** The data follows **

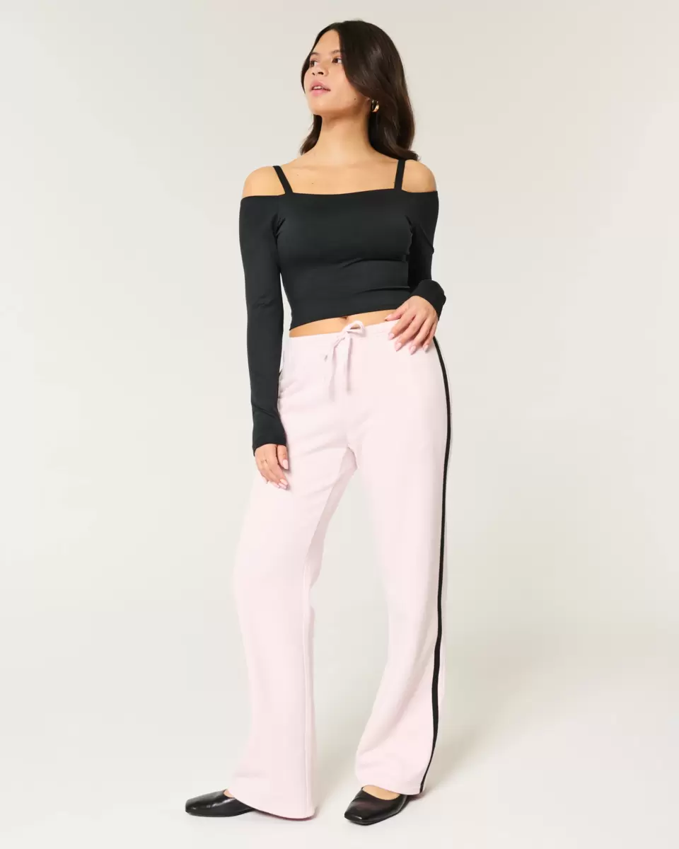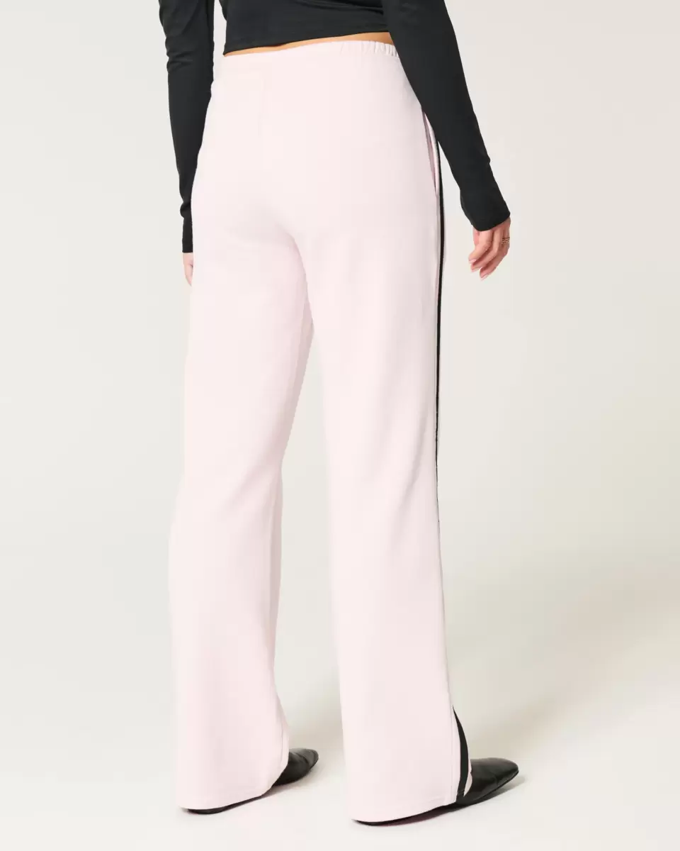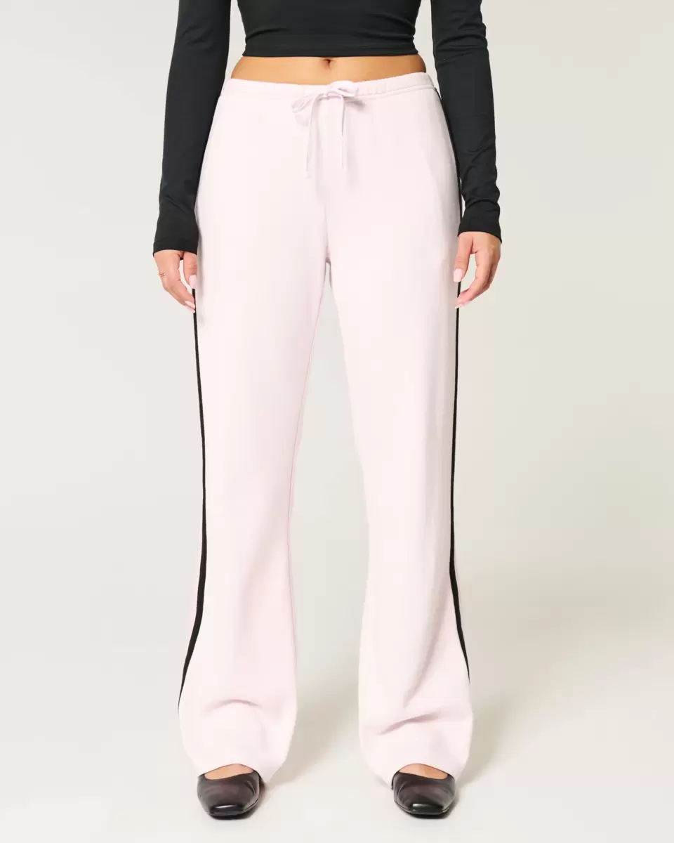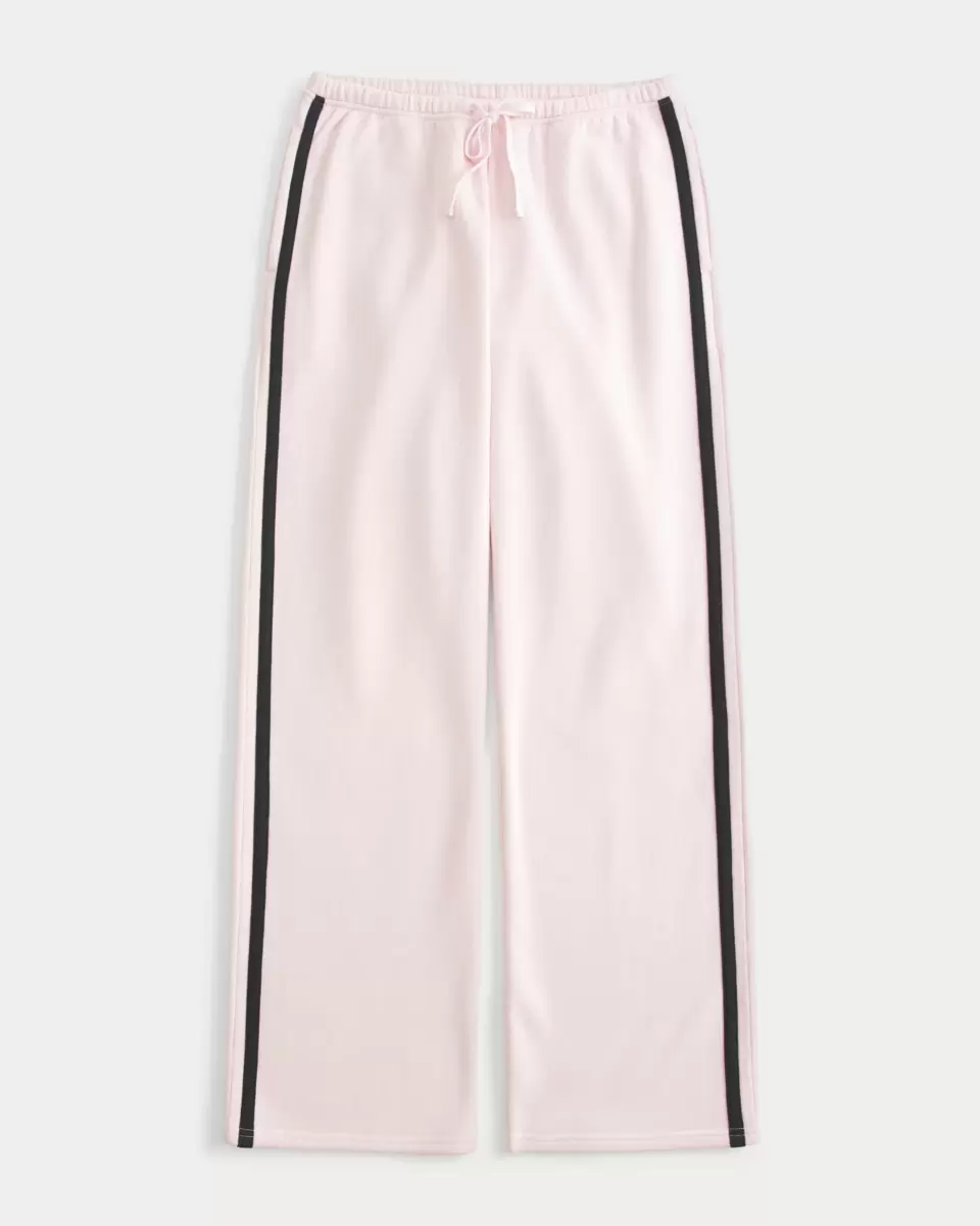 Super soft fleece sweatpants with a straight leg and sporty stripes along the sides. Soft drawstring waist, pockets. Imported.
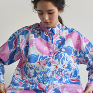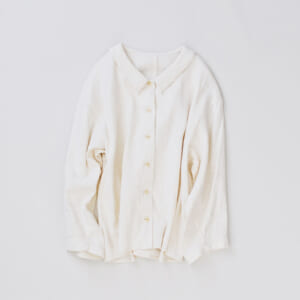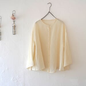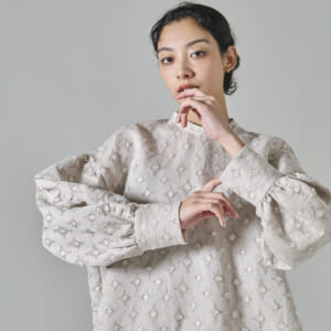 「鏡の花 blouse」透かし模様のブラウス。冬はセーターと合わせたり、夏は羽織として一年中着られます。
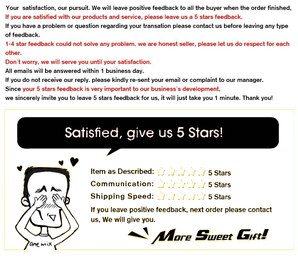Если вы получили товар и обнаружили, что он имеет проблемы, сначала не оставляйте комментарий и отзывы, сначала свяжитесь с нами, и мы приложим все усилия, чтобы решить все проблемы для вас.

** End of The data **

Work required
In the copy, keep every line of the data above exactly and drop each picture.

Exercise output
 Super soft fleece sweatpants with a straight leg and sporty stripes along the sides. Soft drawstring waist, pockets. Imported.
 「鏡の花 blouse」透かし模様のブラウス。冬はセーターと合わせたり、夏は羽織として一年中着られます。
Если вы получили товар и обнаружили, что он имеет проблемы, сначала не оставляйте комментарий и отзывы, сначала свяжитесь с нами, и мы приложим все усилия, чтобы решить все проблемы для вас.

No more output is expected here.